#### RECORDED DATA
::::
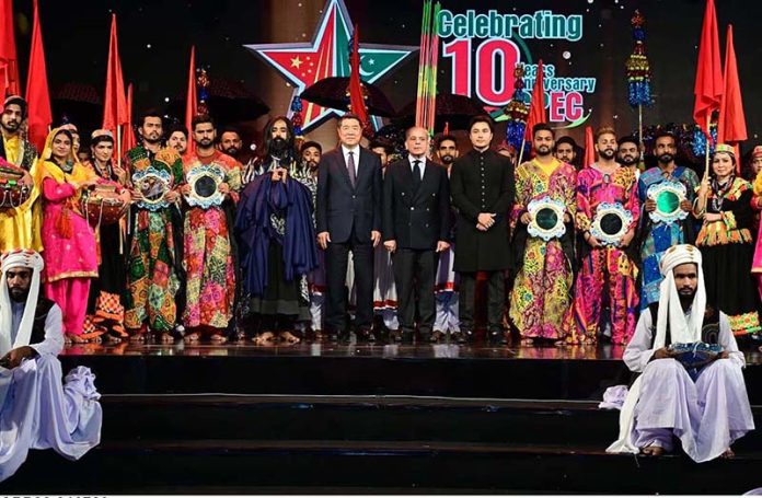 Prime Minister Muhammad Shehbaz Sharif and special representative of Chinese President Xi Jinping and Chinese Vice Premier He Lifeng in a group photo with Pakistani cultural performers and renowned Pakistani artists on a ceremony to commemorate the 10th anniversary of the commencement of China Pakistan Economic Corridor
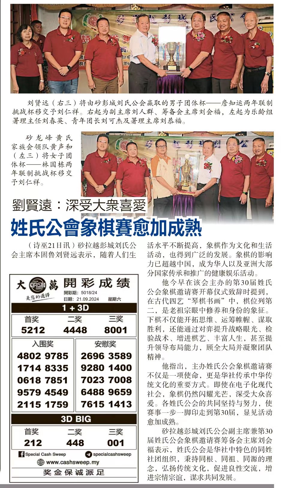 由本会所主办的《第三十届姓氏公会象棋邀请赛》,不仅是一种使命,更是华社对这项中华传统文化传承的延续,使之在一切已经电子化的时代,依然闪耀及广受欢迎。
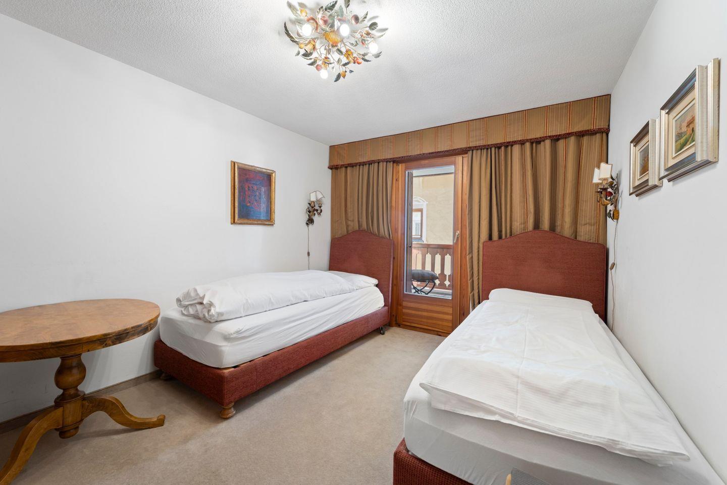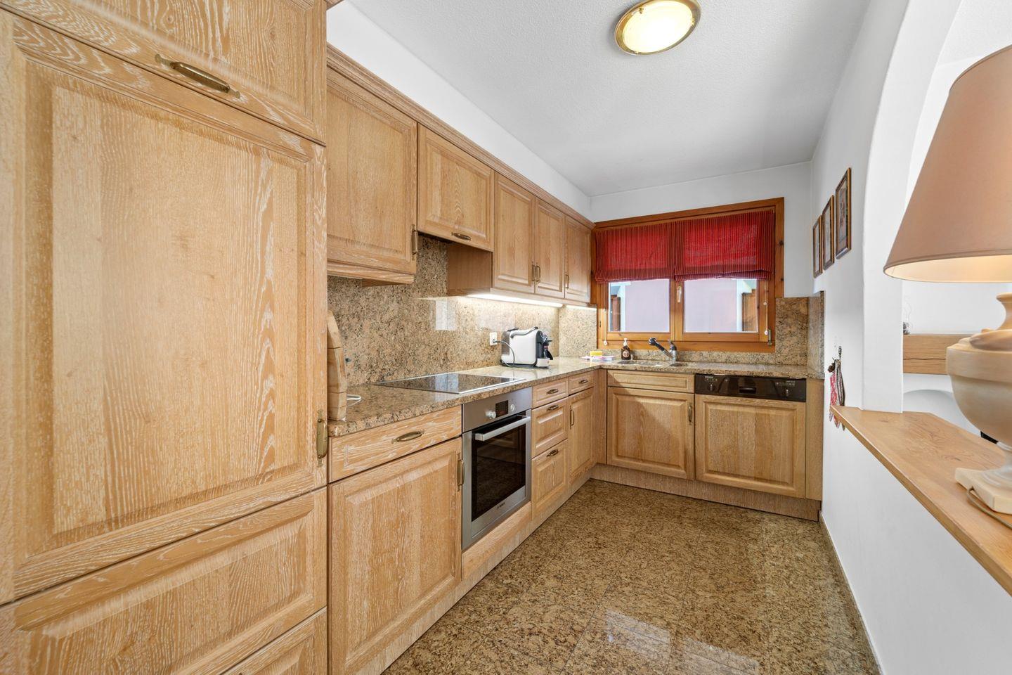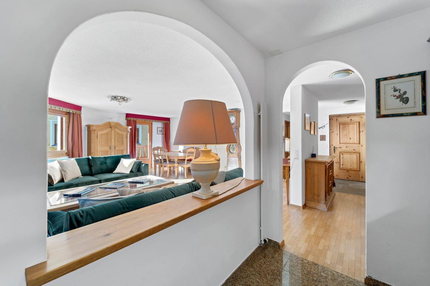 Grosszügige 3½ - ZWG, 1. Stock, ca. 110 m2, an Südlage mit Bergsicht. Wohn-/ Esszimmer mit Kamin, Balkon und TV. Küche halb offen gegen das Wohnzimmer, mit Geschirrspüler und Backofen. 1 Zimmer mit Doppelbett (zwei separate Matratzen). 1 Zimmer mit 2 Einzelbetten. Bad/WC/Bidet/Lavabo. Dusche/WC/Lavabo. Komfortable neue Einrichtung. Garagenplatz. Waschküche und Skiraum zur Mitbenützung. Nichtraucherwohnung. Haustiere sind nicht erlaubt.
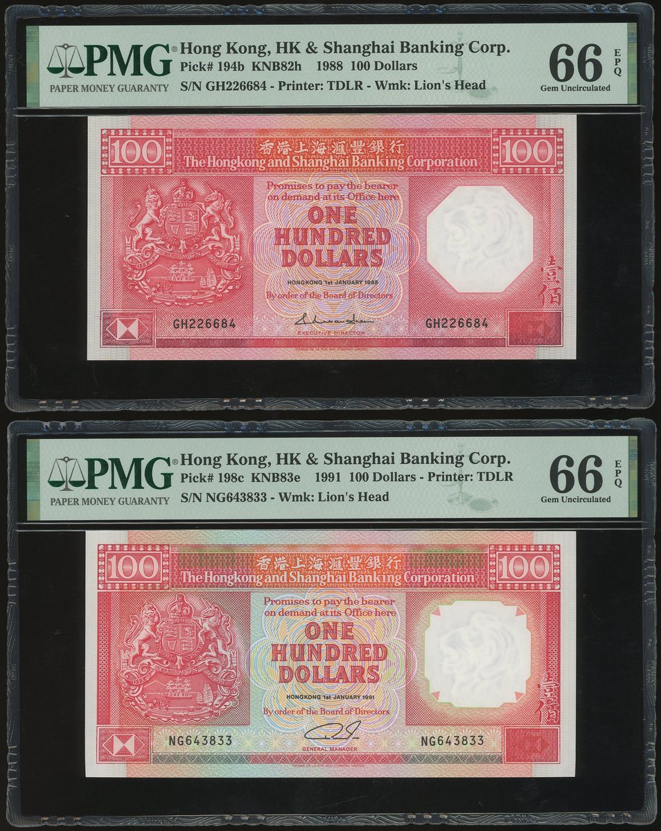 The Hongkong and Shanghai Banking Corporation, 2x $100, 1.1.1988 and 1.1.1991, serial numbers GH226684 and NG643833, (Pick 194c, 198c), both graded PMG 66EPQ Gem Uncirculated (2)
::::
#### WHAT TO WORK ON
Please provide a faithful transcription of all the data, pictures excluded.

#### ANSWER TO THE EXERCISE
 Prime Minister Muhammad Shehbaz Sharif and special representative of Chinese President Xi Jinping and Chinese Vice Premier He Lifeng in a group photo with Pakistani cultural performers and renowned Pakistani artists on a ceremony to commemorate the 10th anniversary of the commencement of China Pakistan Economic Corridor
 由本会所主办的《第三十届姓氏公会象棋邀请赛》,不仅是一种使命,更是华社对这项中华传统文化传承的延续,使之在一切已经电子化的时代,依然闪耀及广受欢迎。
 Grosszügige 3½ - ZWG, 1. Stock, ca. 110 m2, an Südlage mit Bergsicht. Wohn-/ Esszimmer mit Kamin, Balkon und TV. Küche halb offen gegen das Wohnzimmer, mit Geschirrspüler und Backofen. 1 Zimmer mit Doppelbett (zwei separate Matratzen). 1 Zimmer mit 2 Einzelbetten. Bad/WC/Bidet/Lavabo. Dusche/WC/Lavabo. Komfortable neue Einrichtung. Garagenplatz. Waschküche und Skiraum zur Mitbenützung. Nichtraucherwohnung. Haustiere sind nicht erlaubt.
 The Hongkong and Shanghai Banking Corporation, 2x $100, 1.1.1988 and 1.1.1991, serial numbers GH226684 and NG643833, (Pick 194c, 198c), both graded PMG 66EPQ Gem Uncirculated (2)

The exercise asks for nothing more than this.